[LeetCode] Total Cost to Hire K Workers

Problem: You are given a 0-indexed integer array costs where costs[i] is the cost of hiring the ith worker.

You are also given two integers k and candidates. We want to hire exactly k workers according to the following rules:

• You will run k sessions and hire exactly one worker in each session.
• In each hiring session, choose the worker with the lowest cost from either the first candidates workers or the last candidates workers. Break the tie by the smallest index.
• For example, if costs = [3,2,7,7,1,2] and candidates = 2, then in the first hiring session, we will choose the 4th worker because they have the lowest cost [3,2,7,7,1,2].
• In the second hiring session, we will choose 1st worker because they have the same lowest cost as 4th worker but they have the smallest index [3,2,7,7,2]. Please note that the indexing may be changed in the process.
• If there are fewer than candidates workers remaining, choose the worker with the lowest cost among them. Break the tie by the smallest index.
• A worker can only be chosen once.

Return the total cost to hire exactly k workers.

Example:

Input: costs = [17,12,10,2,7,2,11,20,8], k = 3, candidates = 4
Output: 11
Explanation: We hire 3 workers in total. The total cost is initially 0.
- In the first hiring round we choose the worker from [17,12,10,2,7,2,11,20,8]. The lowest cost is 2, and we break the tie by the smallest index, which is 3. The total cost = 0 + 2 = 2.
- In the second hiring round we choose the worker from [17,12,10,7,2,11,20,8]. The lowest cost is 2 (index 4). The total cost = 2 + 2 = 4.
- In the third hiring round we choose the worker from [17,12,10,7,11,20,8]. The lowest cost is 7 (index 3). The total cost = 4 + 7 = 11. Notice that the worker with index 3 was common in the first and last four workers.
The total hiring cost is 11.

Input: costs = [1,2,4,1], k = 3, candidates = 3
Output: 4
Explanation: We hire 3 workers in total. The total cost is initially 0.
- In the first hiring round we choose the worker from [1,2,4,1]. The lowest cost is 1, and we break the tie by the smallest index, which is 0. The total cost = 0 + 1 = 1. Notice that workers with index 1 and 2 are common in the first and last 3 workers.
- In the second hiring round we choose the worker from [2,4,1]. The lowest cost is 1 (index 2). The total cost = 1 + 1 = 2.
- In the third hiring round there are less than three candidates. We choose the worker from the remaining workers [2,4]. The lowest cost is 2 (index 0). The total cost = 2 + 2 = 4.
The total hiring cost is 4.

Constraints:

• 1 <= costs.length <= 105 
• 1 <= costs[i] <= 105
• 1 <= k, candidates <= costs.length

Approach: We can use two heaps / prioriy queues here. One to read from front and one to read from back. If front heap has an element at the top which less than or equal to back heap then we will pop from front heap add the cost in the final cost. We will add the next cost from the front into the front heap. 

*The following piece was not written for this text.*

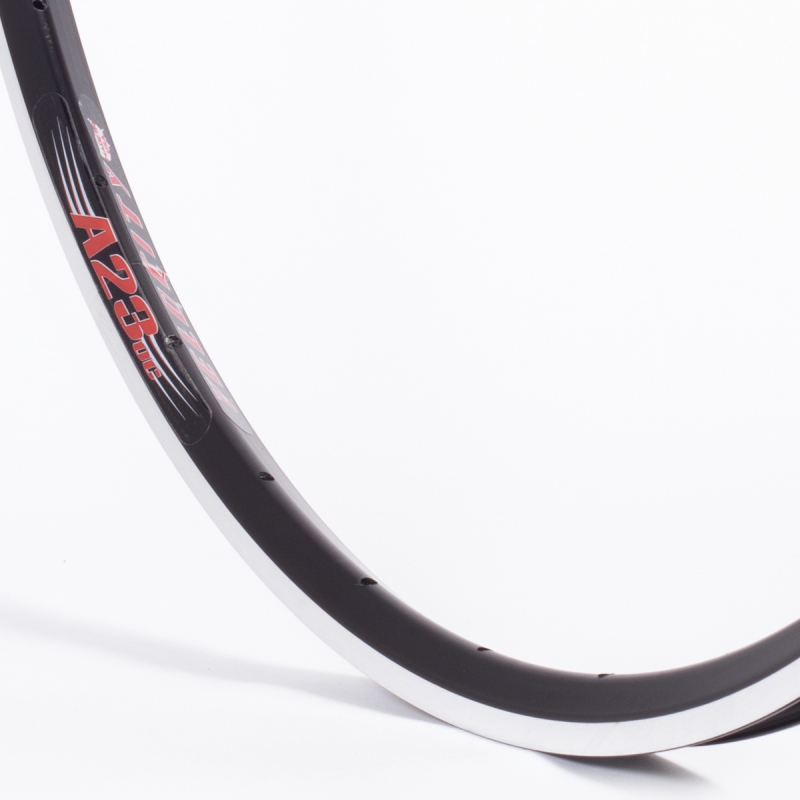 Velocity A23 700c Machine SideWalled With a wider footprint, the A23 allows for a more aerodynamic rim/tire combination when paired with a 23c tire. The tire profile mimics the characteristics of a tubular, gaining increased control and lower rolling resistance without the inconvenience of tubular glue or the dangers of irreparable roadside mechanicals. A tubeless ready design makes this rim ideal for road and cyclocross applications. Tight tolerances require the use of a low profile rim tape to avoid tire installation issues. Veloplugs are not recommended on A23 or A23 OC rims. Specs: Tubeless ready Machined Sidewalls for use with rim brakesWidth: 23mm, Internal Width: 18mm, Height 19,5mmWeight: 450g28/32/36 Spokes, Black, Silver Polished

If back heap has smaller element than front heap then we will pop from back heap, add it to final cost and then we will add next element from the back to the back heap.

We need to repeat it for k times. We also need to take care that we won't add same elements to both heaps. You can see that in the impelementation. Basicall whenever the nextfront index is greater than nextback index, that means all the elements are already added and we don't need to add the elements again.

That's all!

Implementation in C#:

    public long TotalCost(int[] costs, int k, int candidates)

    {

        int length = costs?.Length ?? 0;

        if (length < k)

        {

            return -1;

        }

        var frontPQ = new PriorityQueue<int, int>();

        var backPQ = new PriorityQueue<int, int>();

        int frontIndex = Math.Min(length, candidates);

        for (int i = 0; i < frontIndex; ++i)

        {

            frontPQ.Enqueue(costs[i], costs[i]);

        }

        int backIndex = Math.Max(frontIndex, length - candidates);

        for (int i = length - 1; i >= backIndex; --i)

        {

            backPQ.Enqueue(costs[i], costs[i]);

        }

        --backIndex;

        long finalCost = 0;

        for (int i = 0; i < k; ++i)

        {

            if (backPQ.Count == 0 ||

                (frontPQ.Count > 0 && frontPQ.Peek() <= backPQ.Peek()))

            {

                int currCost = frontPQ.Dequeue();

                finalCost += currCost;

                if (frontIndex <= backIndex && frontIndex < length)

                {

                    frontPQ.Enqueue(costs[frontIndex], costs[frontIndex]);

                    ++frontIndex;

                }

            }

            else

            {

                int currCost = backPQ.Dequeue();

                finalCost += currCost;

                if (frontIndex <= backIndex && backIndex >= 0)

                {

                    backPQ.Enqueue(costs[backIndex], costs[backIndex]);

                    --backIndex;

                }

            }

        }

        return finalCost;

    }

Complexity: O(candidates + k * log(candidates))